*** Opening of THE DATA ***

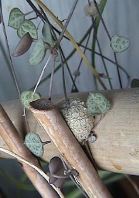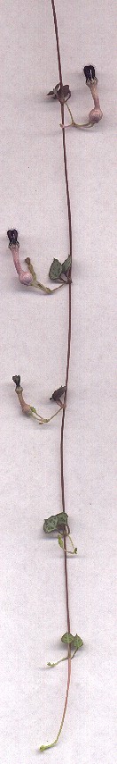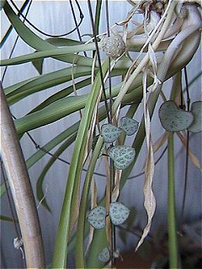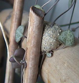 This trailing plant, originating from Natal, S. Africa, hardly needs any water; it has very slender stems with small thick speckled leaves and tubers, which make roots when finding soil to grow in; sometimes they attach themselves to something else too, as is to be seen in the pictures below - a rather big tuber tightly rooted in a cane plantstand.
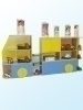 изготовлена из ЛДСП, торцы облицованы кромкой ПВХ 2 мм. Состоит из трех секций. 1 секция имитирует кабину и имеет 5 открытых ниш и одной ниши закрытой двумя дверями. 2 секция имеет три открытые ниши и две ниши закрытые дверями. 3 секция имеет две открытые ниши и нишу закрытую двумя дверями, завершают секцию 3 угловые полки. Нижние двери имеют изображения колес
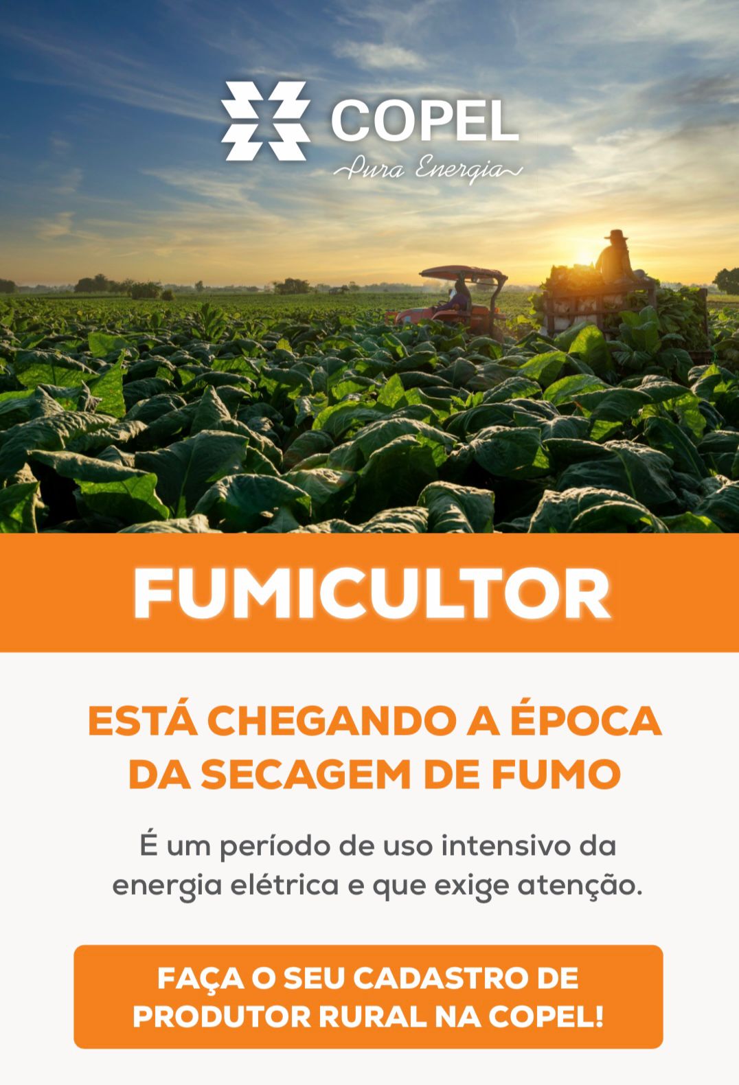 A época de secagem de fumo é um período muito sensível no beneficiamento dessa cultura. É um período de uso intensivo da energia elétrica e que exige atenção, por isso a Copel orienta que produtores rurais realizem ou atualizem seus cadastros.
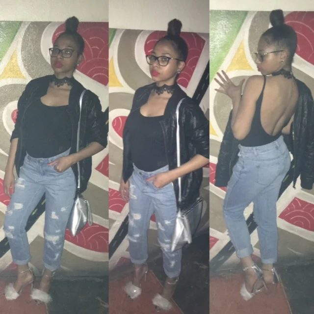 The shirt that I'm wearing in this picture can you believe that it didn't come like that? It was actually just a regular mesh shirt from Forever 21 that I had only worn once that I decided to just cut holes in! You know how you were originally supposed to wear a certain outfit and you end up wearing something totally different and it comes out better than you thought? Well that's what happen with this outfit! I originally planned on wearing something completely different to this art show I attended, but it was snowing really bad(the Chicago weather was hating on my new outfit) so I had to put together something else to wear and I COULD NOT figure out what to wear, I didn't know what to do, then I got the bright idea to cut up this shirt I never really wore before and I paired it with some ripped jeans, gold jewelry, a white fur shall collar from Zara, a really cute bra for decoration, a black bomber jacket, and these cute sunglasses from Forever 21. The outfit came out really cute and I'm proud of this last minute outfit and what I originally bought to wear can be saved for something really special!
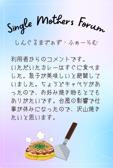 Comments from users. “I ate the curry that 2HJ gave us right away with my family. My son raved that it was delicious. I just had cabbage, so okonomiyaki powder is also very helpful. I have a day off from work because of the typhoon, so I want to bake a lot.”
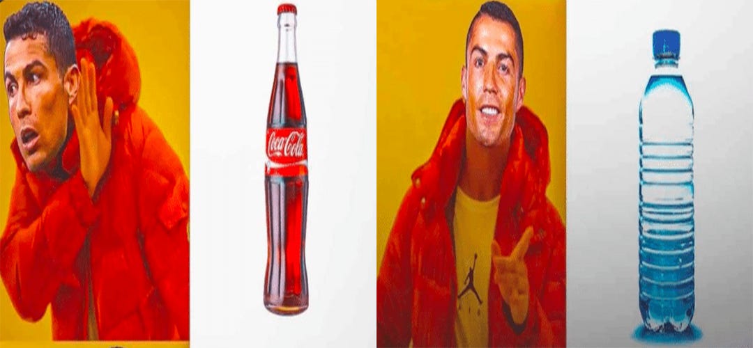 Esta semana no hemos parado de oír cómo Cristiano Ronaldo cambió en una rueda de prensa dos botellas de Coca Cola (KO) por una de agua, moviendo la acción hacia abajo casi un 0.75% (4.000M$). Muchos periódicos comparan la influencia de Ronaldo con la de Elon Musk y las criptomonedas.

*** Close of THE DATA ***

Reproduce the data word for word without its images.

> EXERCISE RESPONSE
 This trailing plant, originating from Natal, S. Africa, hardly needs any water; it has very slender stems with small thick speckled leaves and tubers, which make roots when finding soil to grow in; sometimes they attach themselves to something else too, as is to be seen in the pictures below - a rather big tuber tightly rooted in a cane plantstand.
 изготовлена из ЛДСП, торцы облицованы кромкой ПВХ 2 мм. Состоит из трех секций. 1 секция имитирует кабину и имеет 5 открытых ниш и одной ниши закрытой двумя дверями. 2 секция имеет три открытые ниши и две ниши закрытые дверями. 3 секция имеет две открытые ниши и нишу закрытую двумя дверями, завершают секцию 3 угловые полки. Нижние двери имеют изображения колес
 A época de secagem de fumo é um período muito sensível no beneficiamento dessa cultura. É um período de uso intensivo da energia elétrica e que exige atenção, por isso a Copel orienta que produtores rurais realizem ou atualizem seus cadastros.
 The shirt that I'm wearing in this picture can you believe that it didn't come like that? It was actually just a regular mesh shirt from Forever 21 that I had only worn once that I decided to just cut holes in! You know how you were originally supposed to wear a certain outfit and you end up wearing something totally different and it comes out better than you thought? Well that's what happen with this outfit! I originally planned on wearing something completely different to this art show I attended, but it was snowing really bad(the Chicago weather was hating on my new outfit) so I had to put together something else to wear and I COULD NOT figure out what to wear, I didn't know what to do, then I got the bright idea to cut up this shirt I never really wore before and I paired it with some ripped jeans, gold jewelry, a white fur shall collar from Zara, a really cute bra for decoration, a black bomber jacket, and these cute sunglasses from Forever 21. The outfit came out really cute and I'm proud of this last minute outfit and what I originally bought to wear can be saved for something really special!
 Comments from users. “I ate the curry that 2HJ gave us right away with my family. My son raved that it was delicious. I just had cabbage, so okonomiyaki powder is also very helpful. I have a day off from work because of the typhoon, so I want to bake a lot.”
 Esta semana no hemos parado de oír cómo Cristiano Ronaldo cambió en una rueda de prensa dos botellas de Coca Cola (KO) por una de agua, moviendo la acción hacia abajo casi un 0.75% (4.000M$). Muchos periódicos comparan la influencia de Ronaldo con la de Elon Musk y las criptomonedas.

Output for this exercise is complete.